Seeing this issue as well, although I thought it was because my consumer keeps dying (found this thread searching for submissions on that) necessitating a container restart. I was assuming that the directory polling on restart resulted in a duplicate task being created. I'd go into the failed tasks section of the admin panel to delete the tasks.

skorvek avatar Nov 23 '21 20:11 skorvek

Seeing this issue as well, although I thought it was because my consumer keeps dying (found this thread searching for submissions on that) necessitating a container restart. I was assuming that the directory polling on restart resulted in a duplicate task being created. I'd go into the failed tasks section of the admin panel to delete the tasks.

I'm not seeing anything to suggest my consumer keeps dying. I think yours might be a separate issue, but with similar symptoms. Im a brand new user, and literally the first PDF i copy into consume creates a bunch of identical tasks.

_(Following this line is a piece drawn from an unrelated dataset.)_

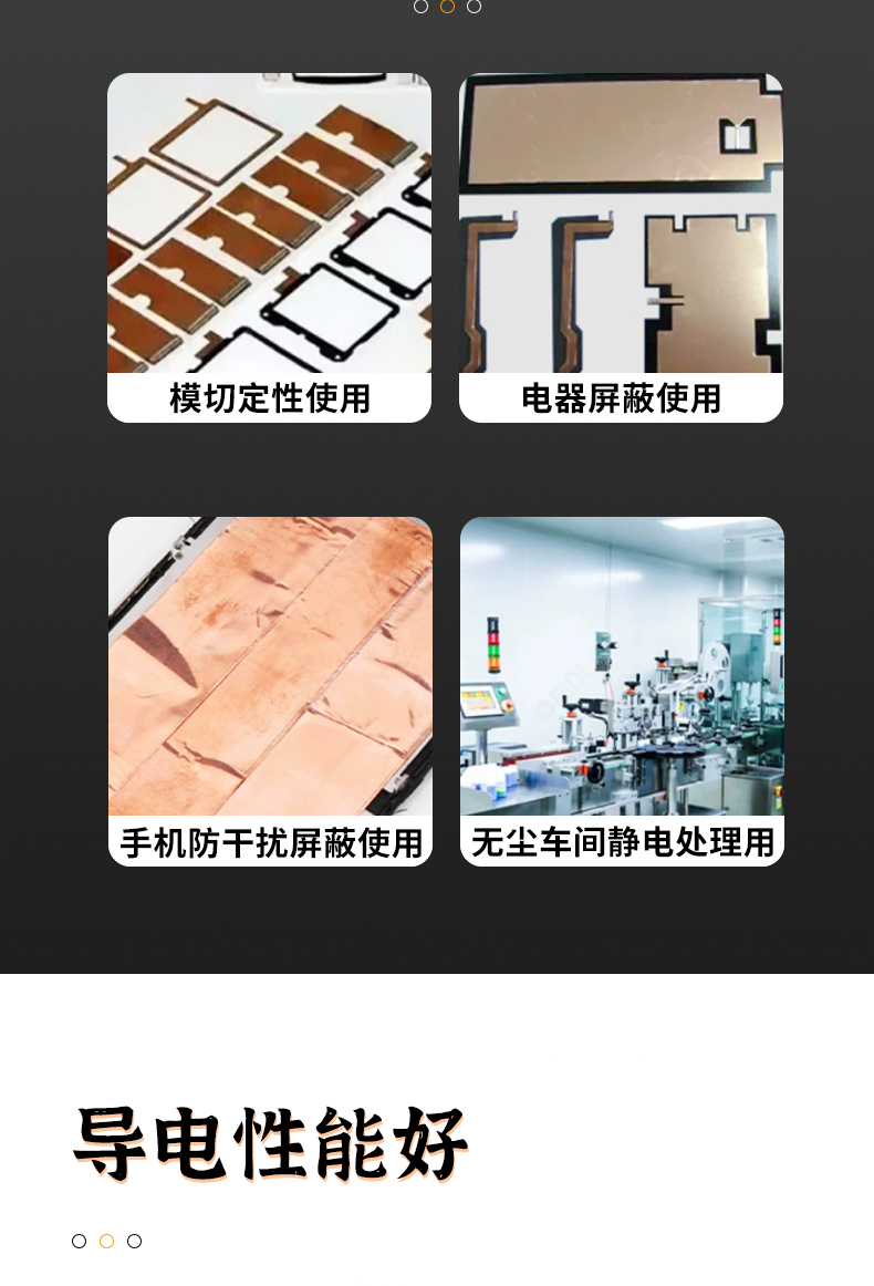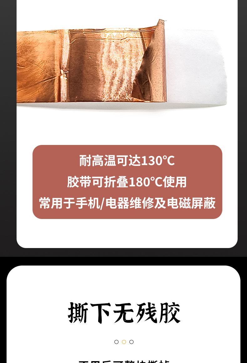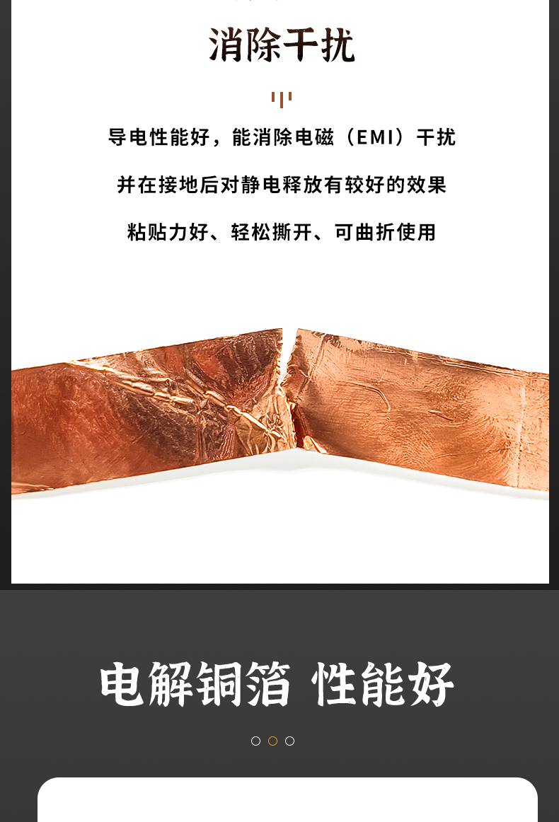 • 铜箔胶带双面导电屏蔽带信号增强纯铜加厚铜箔纸防干扰高温导电胶

carpii avatar Nov 23 '21 21:11 carpii

Got my issues fixed. Problem was that my scanner was not scanning multiple pages into an internal storage and then moving the complete file to the consumption directory, but instead created the document after scanning the first page in the consumption directory and then modifying this file for every additional page. If paperless started consumption in between this above error occurred and I got unexpected results.

I "fixed" this by scanning into an intermediate folder and have a regular cron job running every minute which checks for new files and checks that the files have not been modified for the last 30 seconds. If this is the case (no additional pages will be added) the file is moved to the actually consumer directory.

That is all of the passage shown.